* _Work item_:
For this exercise, write out only the lines of the entries below from the one with "Schleimen in Moskau: Tschechiens" up to and including the one with "To edit route, click", exactly as they are. Pictures stay out.

* _Supplied records_:
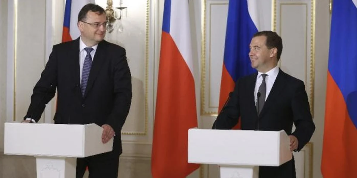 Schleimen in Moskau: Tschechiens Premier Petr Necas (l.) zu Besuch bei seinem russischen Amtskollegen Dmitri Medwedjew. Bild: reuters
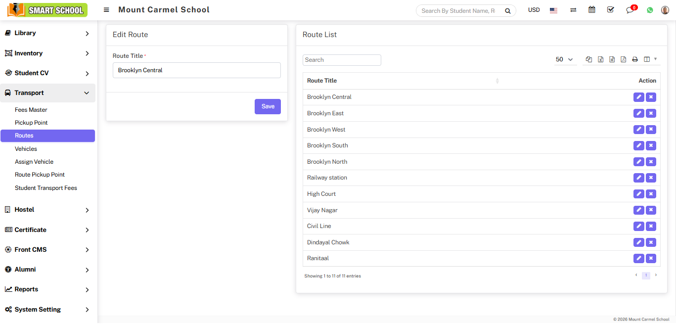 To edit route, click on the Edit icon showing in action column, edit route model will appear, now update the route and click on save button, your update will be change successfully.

...

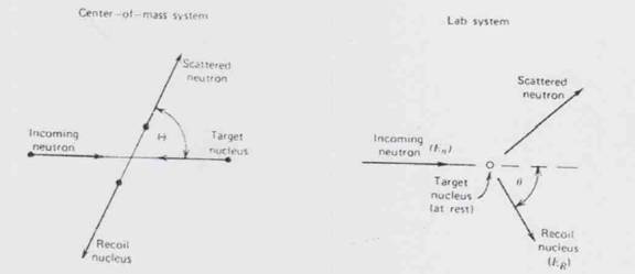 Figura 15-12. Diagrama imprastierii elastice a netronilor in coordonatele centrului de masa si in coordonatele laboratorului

* _Answer space_:
 Schleimen in Moskau: Tschechiens Premier Petr Necas (l.) zu Besuch bei seinem russischen Amtskollegen Dmitri Medwedjew. Bild: reuters
 To edit route, click on the Edit icon showing in action column, edit route model will appear, now update the route and click on save button, your update will be change successfully.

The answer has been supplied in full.